- _RAW DATA_:

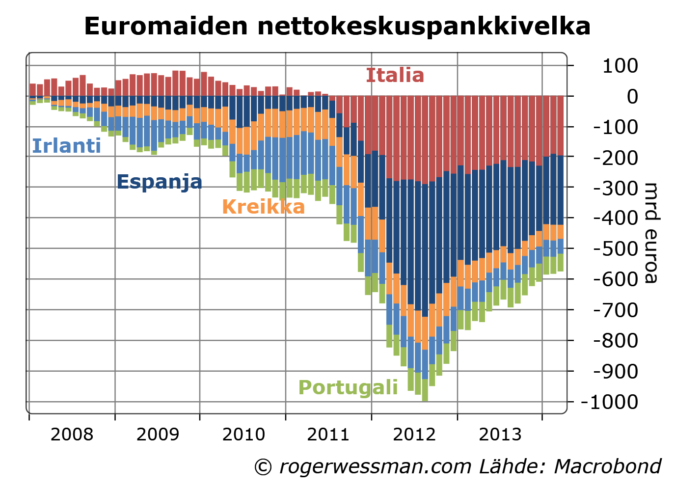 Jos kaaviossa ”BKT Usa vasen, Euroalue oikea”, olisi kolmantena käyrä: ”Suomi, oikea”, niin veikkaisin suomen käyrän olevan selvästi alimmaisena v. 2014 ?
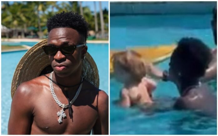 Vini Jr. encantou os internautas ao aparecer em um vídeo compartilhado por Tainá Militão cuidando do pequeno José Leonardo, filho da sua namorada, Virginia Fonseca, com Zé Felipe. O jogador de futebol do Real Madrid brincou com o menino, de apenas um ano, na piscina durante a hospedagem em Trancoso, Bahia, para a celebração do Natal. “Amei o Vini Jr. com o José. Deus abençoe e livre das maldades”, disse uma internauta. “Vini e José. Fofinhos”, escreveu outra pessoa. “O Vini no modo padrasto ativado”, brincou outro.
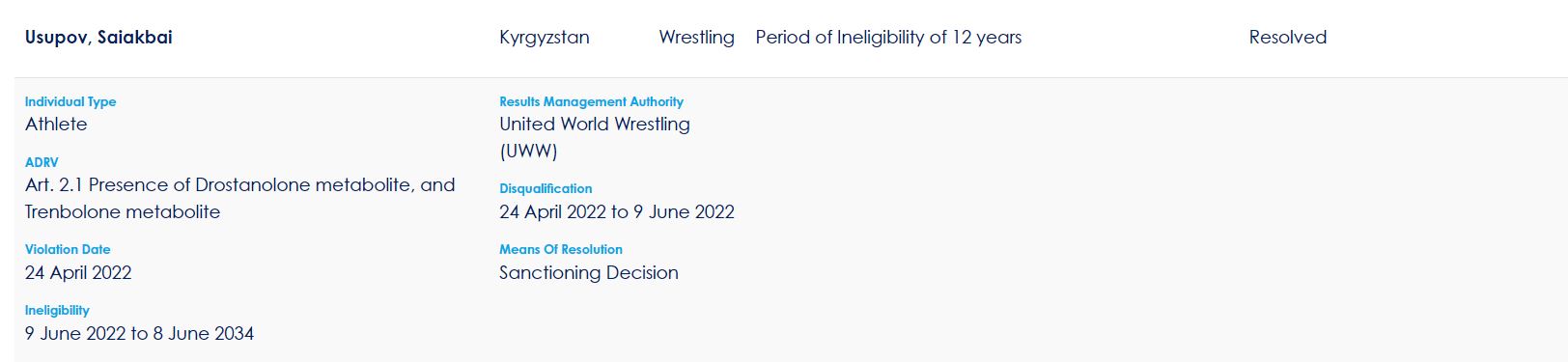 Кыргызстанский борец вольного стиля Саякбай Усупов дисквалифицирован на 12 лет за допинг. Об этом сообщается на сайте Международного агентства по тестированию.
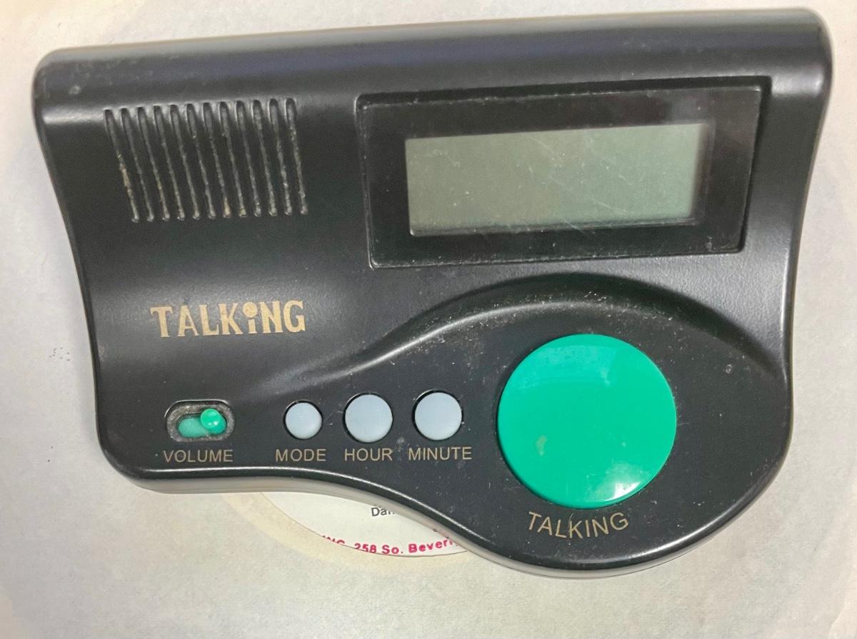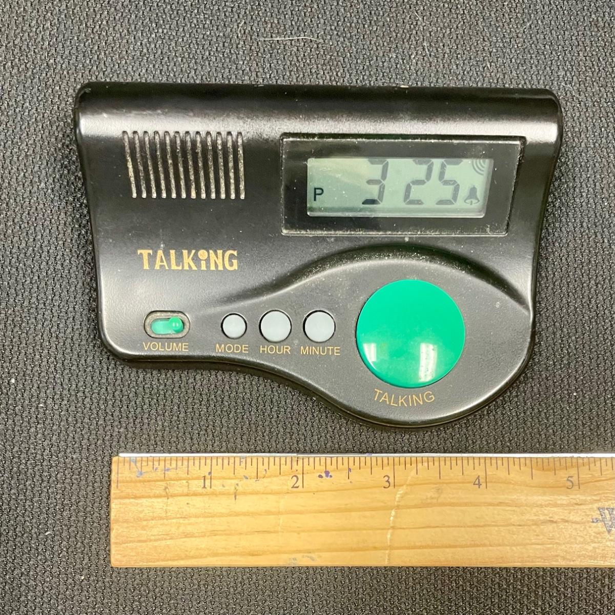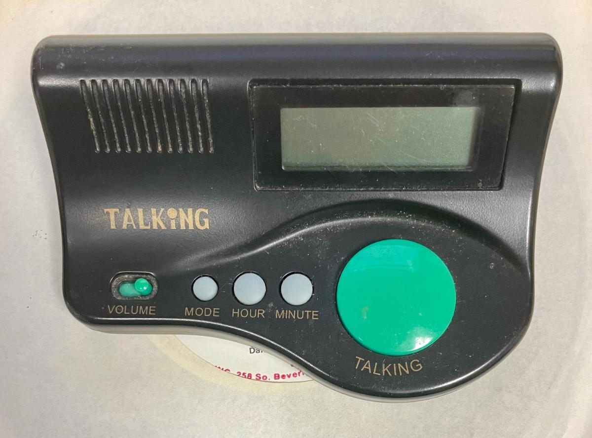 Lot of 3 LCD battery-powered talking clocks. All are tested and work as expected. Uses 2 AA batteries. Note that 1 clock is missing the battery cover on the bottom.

- _WHAT YOU WILL DO_: Retype, word for word, only the line holding "Vini Jr. encantou" and the lines after it through the final line of the listing above, and leave every picture out.

- _REPLY_:
 Vini Jr. encantou os internautas ao aparecer em um vídeo compartilhado por Tainá Militão cuidando do pequeno José Leonardo, filho da sua namorada, Virginia Fonseca, com Zé Felipe. O jogador de futebol do Real Madrid brincou com o menino, de apenas um ano, na piscina durante a hospedagem em Trancoso, Bahia, para a celebração do Natal. “Amei o Vini Jr. com o José. Deus abençoe e livre das maldades”, disse uma internauta. “Vini e José. Fofinhos”, escreveu outra pessoa. “O Vini no modo padrasto ativado”, brincou outro.
 Кыргызстанский борец вольного стиля Саякбай Усупов дисквалифицирован на 12 лет за допинг. Об этом сообщается на сайте Международного агентства по тестированию.
 Lot of 3 LCD battery-powered talking clocks. All are tested and work as expected. Uses 2 AA batteries. Note that 1 clock is missing the battery cover on the bottom.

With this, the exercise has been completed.